Integrations
Connect external file sources and automate batch extractions via API or workflow tools like n8n.
Overview
ExtractForm supports importing files from:
- Google Drive (OAuth)
- Dropbox (OAuth)
- User-owned S3 (access key + bucket)
- Public URLs (Excel/CSV lists, direct links)

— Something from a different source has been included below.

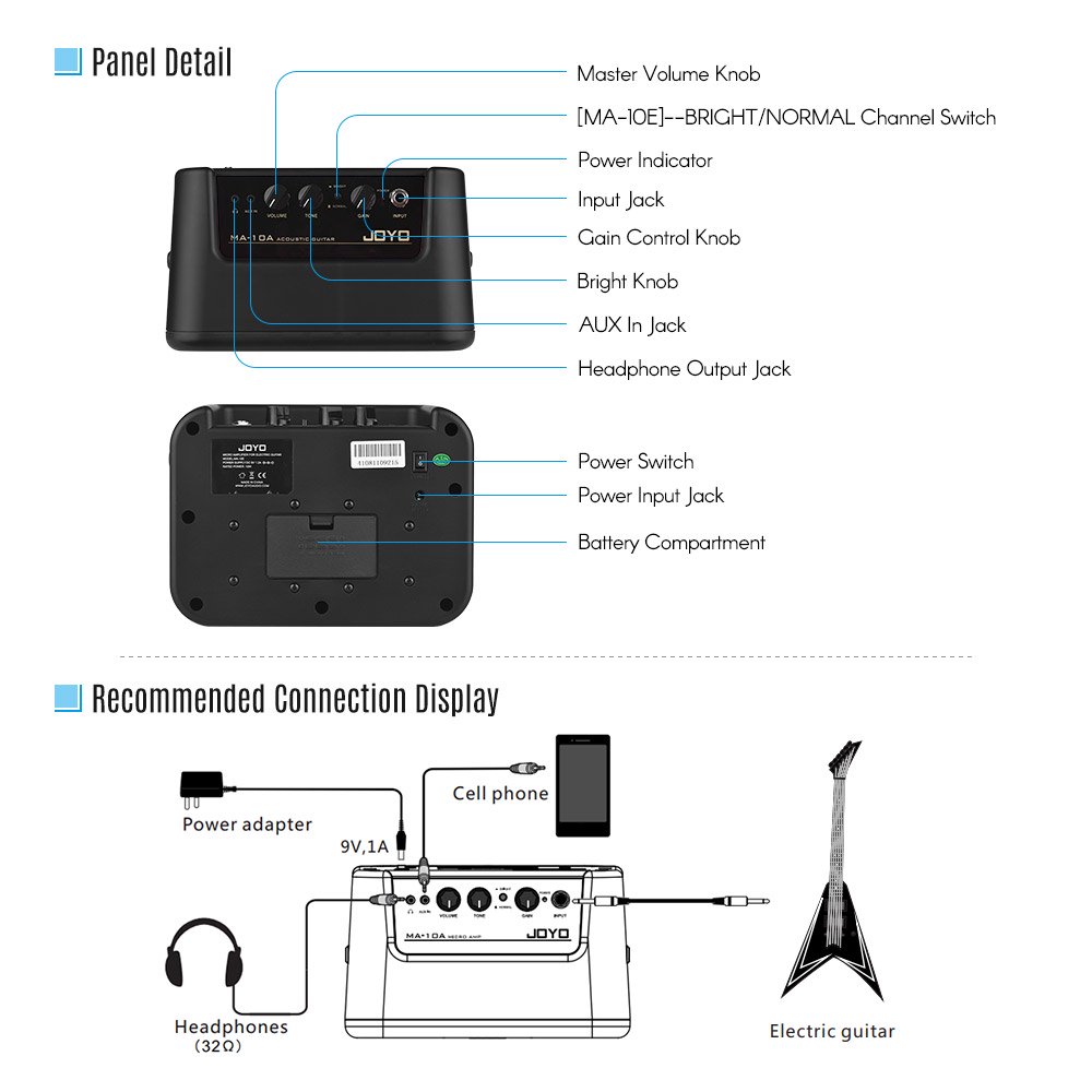 ✨Ampli khuếch đại âm thanh cho đàn guitar Acoustic, guitar Bass, guitar Electric Joyo MA-10A, MA-10B, MA-10E (JOYO guitar Amplifier) - Hàng chính hãng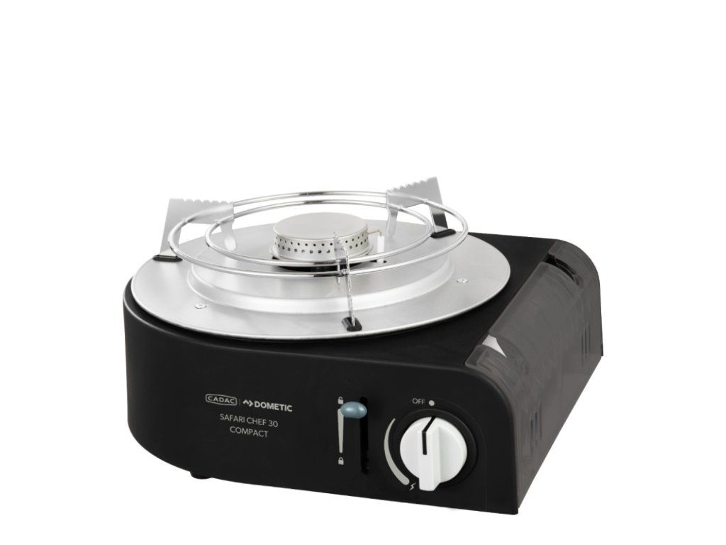 Safari Chef 30 Compact Lite je ultrakompaktní a velmi lehký plynový gril navržený pro outdoorové aktivity, krátké kempovací výjezdy a cestování nalehko. Funguje přímo na 227g plynovou kartuši – kartuši jednoduše vložíte do grilu, zajistíte páčkou a otočením ovládacího knoflíku můžete začít vařit nebo grilovat.

Files are downloaded asynchronously via the import queue, registered as Document records, and processed as child jobs under a JobRun.
OAuth connect flow
Connect Google Drive
curl -X POST http://localhost:4000/api/integrations/google-drive/connect \
-H "Authorization: Bearer YOUR_TOKEN" \
-H "Content-Type: application/json" \
-d '{"label": "My Drive"}'
Response: { "authUrl": "...", "state": "..." } — redirect the user to authUrl.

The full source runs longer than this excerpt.